- _PROBLEM REQUIREMENTS_: Please write out all the entries exactly, without the pictures.

(Data extracted from a collection)
· · · ·
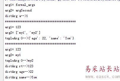 上面函數(shù)中的參數(shù),tupleArg前面“*”表示這個(gè)參數(shù)是一個(gè)元組參數(shù),從程序的輸出可以看出,默認(rèn)值為();dicrtArg前面有“**”表示這個(gè)字典參數(shù)(鍵值對(duì)參數(shù))。可以把tupleArg、dictArg看成兩個(gè)默認(rèn)參數(shù)。多余的非關(guān)鍵字參數(shù),函數(shù)調(diào)用時(shí)被放在元組參數(shù)tupleArg中;多余的關(guān)鍵字參數(shù),函數(shù)調(diào)用時(shí)被放字典參數(shù)dictArg中。
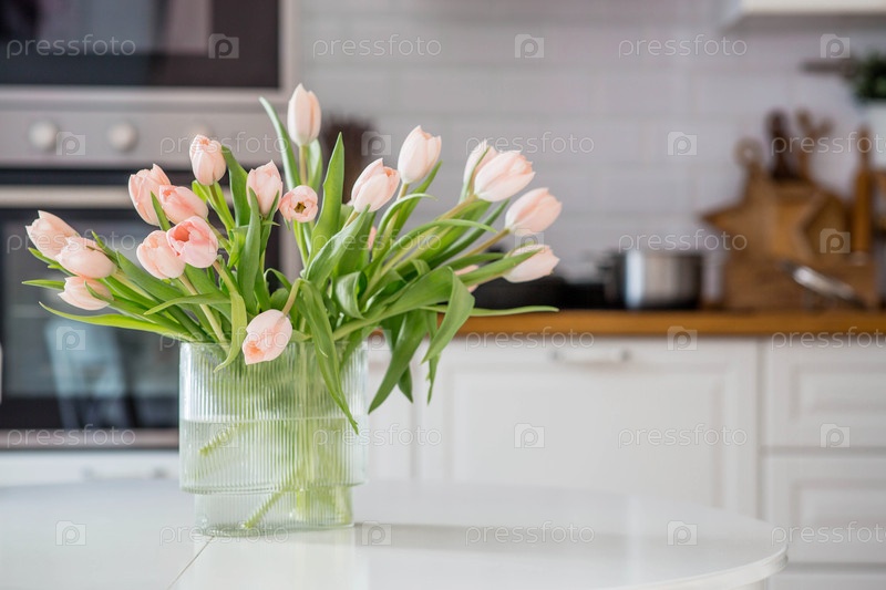 Концепция приурочена к наступлению весны и Международному женскому дню 8 марта. букет весенних, нежных розовых тюльпанов в красивой стильной вазе на столе
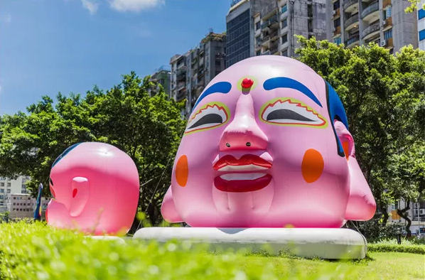 The sculpture artwork titled Happy big heads. Public arts are spread over Macao during the Art Macao event. [Photo/Artron.net]
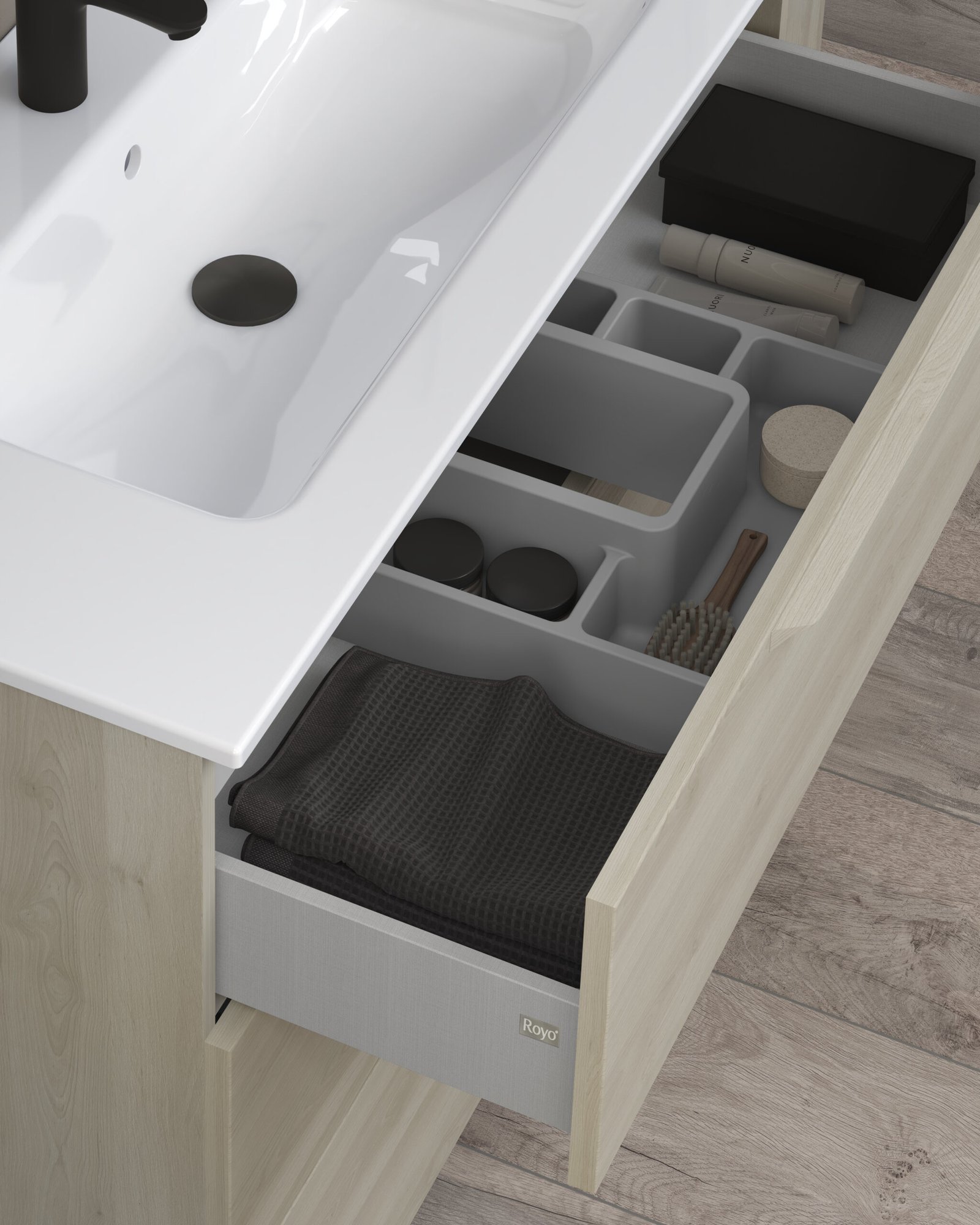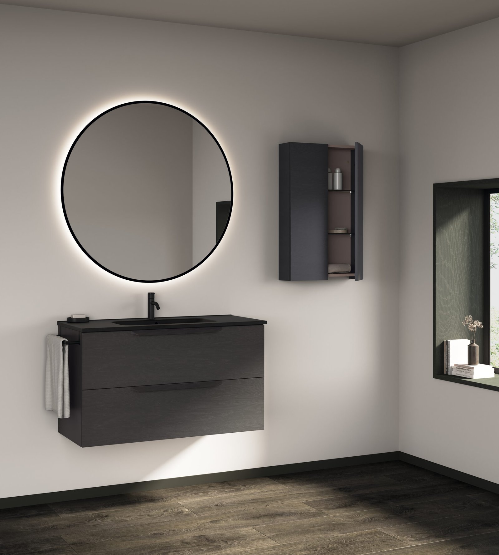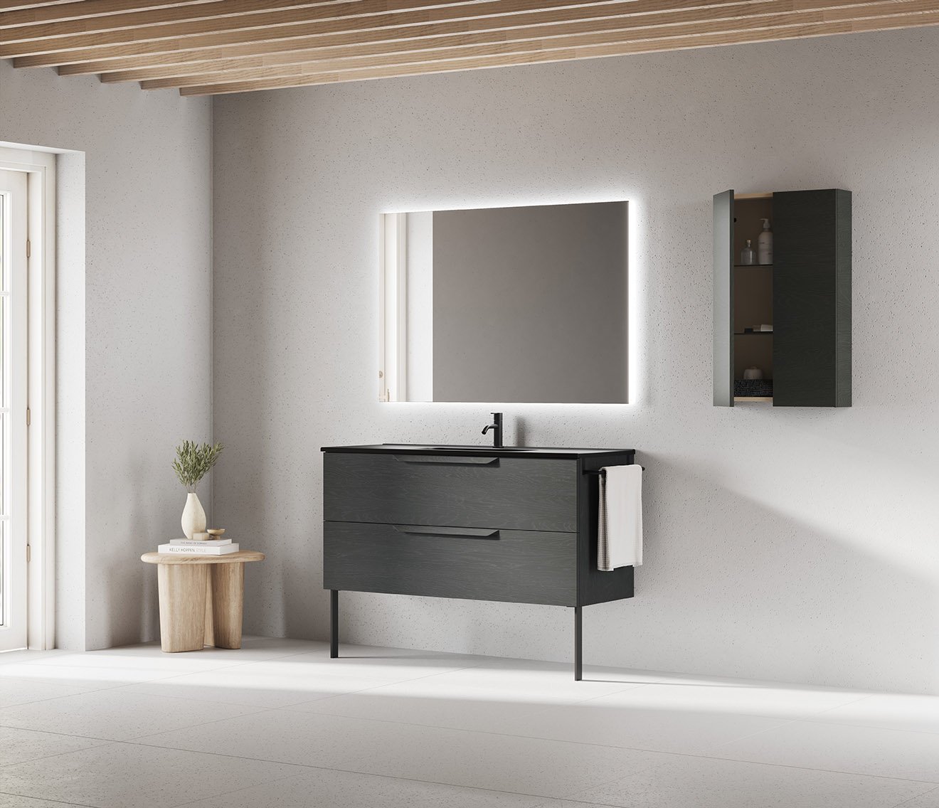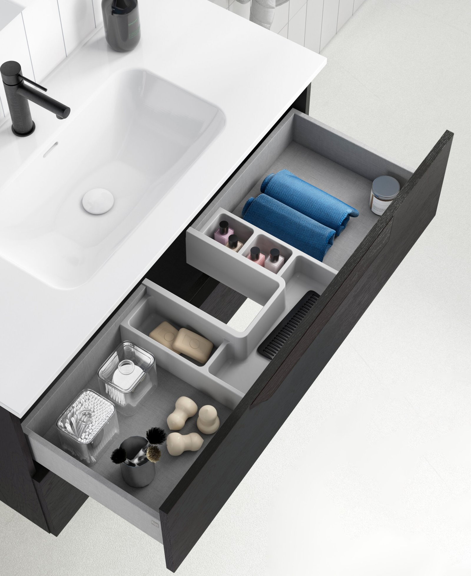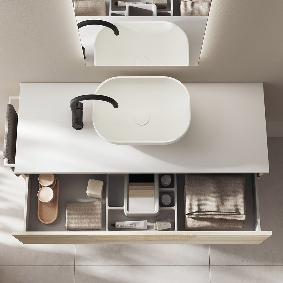 Ideada per donar solucions reals a tota mena de projectes, la família Urban destaca per una enorme amplitud de gamma, oferint versions suspeses i a terra per a aquells que necessiten esprémer al màxim l’emmagatzematge del bany. Al seu interior, la qualitat prèmium es fa palesa: incorpora calaixos amb guies Indaux d’extracció total, un cuidat disseny interior en acabat Tèxtil Gris i un complet organitzador de sèrie per gaudir de l’ordre perfecte dia rere dia.
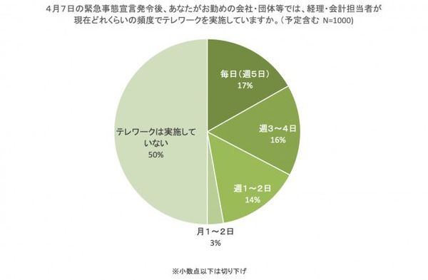 「毎日テレワークを実施している」経理担当者はわずか17%
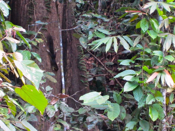 It would be beautiful to go in August/September to see the orchids in bloom. After the garden, we set out on one of the many trails through the forest. We walked to Hornbill Tower (where we saw some trogons but no hornbills), along Kingfisher Trail (one kingfisher and a giant squirrel spotted) to Woodpecker Avenue (woodpeckers heard but not seen), and then finally to the canopy walkway. We saw a hornbill flying overhead, and glimpsed a plain pygmy squirrel darting amongst the trees (endemic to Borneo, one of the smallest squirrels in the world, and adorable!).
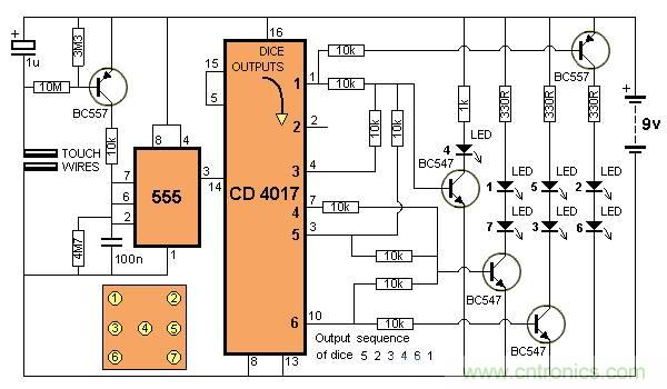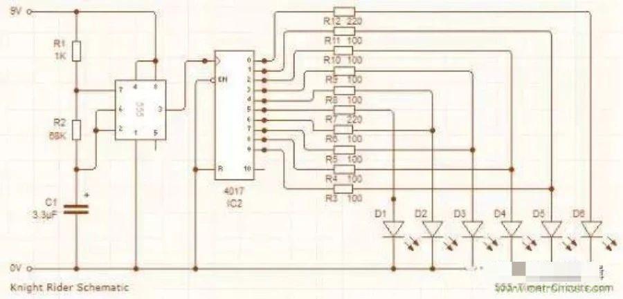 這個(gè)電路讓左邊的LED閃3次,然后是右邊閃三次,接著重復(fù)。在這個(gè)電路中,555會(huì)通過管腳3產(chǎn)生連續(xù)的方波。
· · · ·
- _WRITTEN RESPONSE_:
 上面函數(shù)中的參數(shù),tupleArg前面“*”表示這個(gè)參數(shù)是一個(gè)元組參數(shù),從程序的輸出可以看出,默認(rèn)值為();dicrtArg前面有“**”表示這個(gè)字典參數(shù)(鍵值對(duì)參數(shù))。可以把tupleArg、dictArg看成兩個(gè)默認(rèn)參數(shù)。多余的非關(guān)鍵字參數(shù),函數(shù)調(diào)用時(shí)被放在元組參數(shù)tupleArg中;多余的關(guān)鍵字參數(shù),函數(shù)調(diào)用時(shí)被放字典參數(shù)dictArg中。
 Концепция приурочена к наступлению весны и Международному женскому дню 8 марта. букет весенних, нежных розовых тюльпанов в красивой стильной вазе на столе
 The sculpture artwork titled Happy big heads. Public arts are spread over Macao during the Art Macao event. [Photo/Artron.net]
 Ideada per donar solucions reals a tota mena de projectes, la família Urban destaca per una enorme amplitud de gamma, oferint versions suspeses i a terra per a aquells que necessiten esprémer al màxim l’emmagatzematge del bany. Al seu interior, la qualitat prèmium es fa palesa: incorpora calaixos amb guies Indaux d’extracció total, un cuidat disseny interior en acabat Tèxtil Gris i un complet organitzador de sèrie per gaudir de l’ordre perfecte dia rere dia.
 「毎日テレワークを実施している」経理担当者はわずか17%
 It would be beautiful to go in August/September to see the orchids in bloom. After the garden, we set out on one of the many trails through the forest. We walked to Hornbill Tower (where we saw some trogons but no hornbills), along Kingfisher Trail (one kingfisher and a giant squirrel spotted) to Woodpecker Avenue (woodpeckers heard but not seen), and then finally to the canopy walkway. We saw a hornbill flying overhead, and glimpsed a plain pygmy squirrel darting amongst the trees (endemic to Borneo, one of the smallest squirrels in the world, and adorable!).
 這個(gè)電路讓左邊的LED閃3次,然后是右邊閃三次,接著重復(fù)。在這個(gè)電路中,555會(huì)通過管腳3產(chǎn)生連續(xù)的方波。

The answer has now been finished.